Mann08’s approach also led to situations like the following. For the Tiljander proxies, there is also a nearby weather station with records going back to the 1890s or so. By inspection, that temperature record isn’t hugely similar to the gridcell reconstruction. So, did it really make sense to prefer matching proxies to the gridcell?

And, as you note, there can be no assurance that the pattern that held sway during the instrumental period was a faithful continuation of the pattern(s) that prevailed in prehistoric times. If patterns did change, the uncertainties produced via this approach are much larger than they are currently thought to be.

## Layman Lurker said

Fascination project Kenneth. What about adding AR1 noise with a coefficient of .2 (as Michael Mann suggests)to your GHCN sample?

## Kenneth Fritsch said

That would, of course, be frequency of occurrence, i.e. the number of times out of a total of 1000 trials (resamples) for a particular bin of log10 of probability of the resulting trend for regressing station series correlation (pairwise) versus station separations (pairwise) being 0.

## Kenneth Fritsch said

LL, what I need to do now is look at the AR1 of the proxies series. The GHCN annual station data for the time period 1950-1990 had an average AR1 of 0.135 – which is small.

## Layman Lurker said

Yeah, I was thinking about the same thing. I recently did the the non-bristlecone acf for the NOAMER network proxies from MBH98 for kicks.

## Kenneth Fritsch said

In the link below I show the AR1 values for the residuals of the regression of the z values over a 947 year period for the annual Ljungqvist proxies as identified by number of appearance from the list in Ljungqvist 2010. Included in the table are the mean and standard deviation of 23 subsets of the 947 year period of 41 years each of the same AR1 for regression of proxy z values over 41 years.

To be noted from the table data is that the longer term 947 year time period increases the calculated AR1 values in all proxies over the average AR1 for the 41 year subsets.
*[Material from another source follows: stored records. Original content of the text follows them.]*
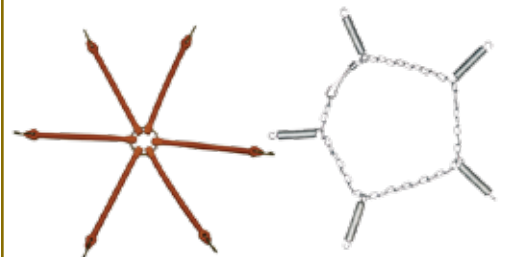
Stretch Chain Adjuster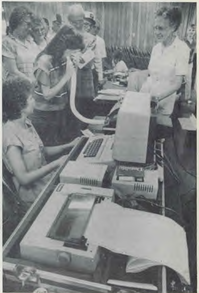
One of nearly 400 people who participated in the Pulmonary Function Test at the Health Fair, blew long and hard into a computerized machine which measured several lung functions. This booth was one of the busiest at the fair.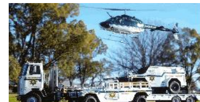
Falcon 30 hovers over other department assets.

The Sheriff's Council is committed to raising funds to support the mission of the Sheriff's Office, helping to obtain equipment and necessities that budget strapped public agencies cannot afford - equipment they need to effectively protect us and themselves.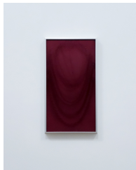
Carlos Reyes Popular Jewelry , 2023 Acquired jewelry display, frame 14 1/2 x 8 x 1 in (36.8 x 20.3 x 2.5 cm) REYca-002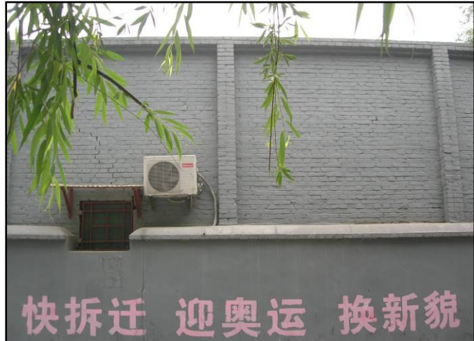
Dongchang hutong: text reads "Demolish quickly, Welcome the Olympics, Switch to a New Look."

In Dongchang hutong, for example, the authorities have painted slogans on the once plain, grey walls of the community, saying, "Welcome the Olympic Games", "Treasure the opportunity", "Improve our surroundings", and "Initiate a new life". The slogans encourage people to accept compensation offers and to leave early by invoking a spirit of cooperation to do what is best for the community rather than the individual, by moving out in order to "improve our surroundings". With the inclusion of the phrase "Welcome the Olympic Games" into this propaganda, authorities pressure residents to work together as a Beijing community to showcase their city and their country to the world, by putting the community's 'welfare' above their own individual rights. However, many residents do not believe that doing what is best for the community and the individual are mutually exclusive and have written their own graffiti on the walls of their homes, protesting unfair compensation rates.

The order of the AR1 values for the proxies remains the same for the long term and shorter term 41 year subsets.

More important, I think, is the observation that the between proxy AR1 variations are approximately 50 percent larger than those for the intra AR1 variations for the 41 year subsets over the 947 year time period. While this analysis is better suited to ANOVA, the evidence in my mind indicates that the variation in AR1 between proxies may well be an artifact of the proxy and not related to the AR1 of temperature that the proxy is supposedly linearly related. Recall that over the 41 year period from 1950-1990, the 447 GHCN stations had a mean AR1 of 0.135 and standard deviation of 0.130.

I am very suspicious of the Ljungqvist proxy 28 with an AR1 over 0.90. Such high AR1 values are seen more often, as I recall, when the annual values are obtained from an interpolation of decadal or longer data intervals. That is not the case that is ascribed to proxy 28 by Ljungqvist 2010.
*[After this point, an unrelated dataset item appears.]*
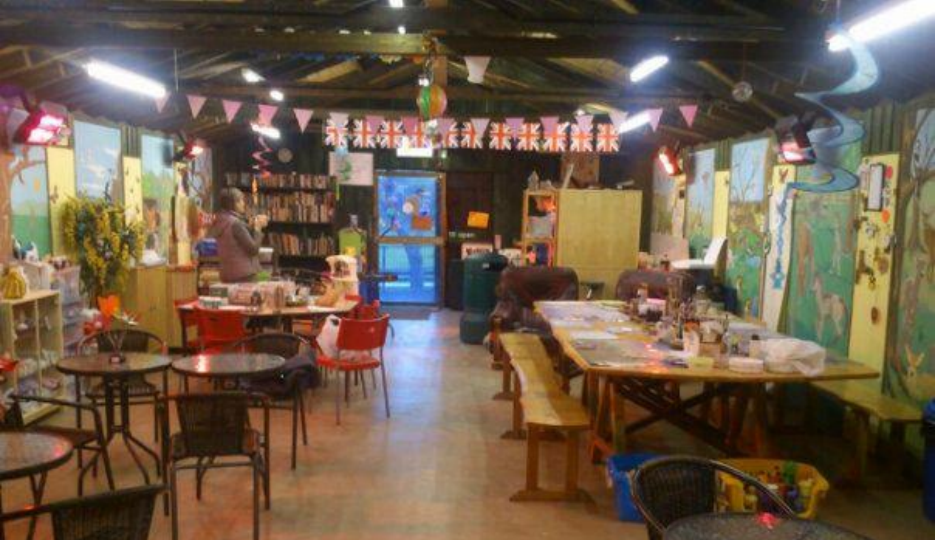
Letham Glen Craft Centre

The variations in the AR1 for the Ljungqvist proxies appear to be in line with those shown for Bristle Cones by LL in an above link.

## Layman Lurker said

Actually, I removed the bristlecones from the network before the excercise.

## Kenneth Fritsch said

Sorry LL, non-bristlecones in the link might have been my clue.

What do you think the large variation in proxy AR1s means?

## Ryan O said

A good guess might be that they are responding to something other than temperature in their local environment (precip or other disruption, perhaps) or there are systematic measurement errors for certain proxies (like treerings from cores that are not perpendicular to the growth axis rather than cut samples). It would be interesting to see the AR by proxy type and how ring-width measurements were conducted.

## Layman Lurker said

#19

Sure looks like a smoothed over signal to me Kenneth. In fact there are many time segments of annual values that seem to simply fall on multi year and even decadal linear slope with 0 deviation. Here is the last 500 years plotted for proxy#28 (Dongge cave). I usually graph these things using lines but the dramatically high autocorrelation of proxy #28 really hits home with the individual values plotted. The AR1 coefficient for the full raw archived proxy #28 data was a whopping 0.9633. I don’t know the first thing about cave proxies therefore don’t know how typical this is.

#21 and #22

Any literature I have read about tree rings chalks up “noise” as responses to non-temperature factors. I have not seen anything which says this noise must be “white” or even that it must be limited to AR1(.2). As to the AR1 variability, I suppose if there are variable, non temperature factors which influence trw growth from time to time it stands to reason that the AR1 variability reflects the variable nature of these processes.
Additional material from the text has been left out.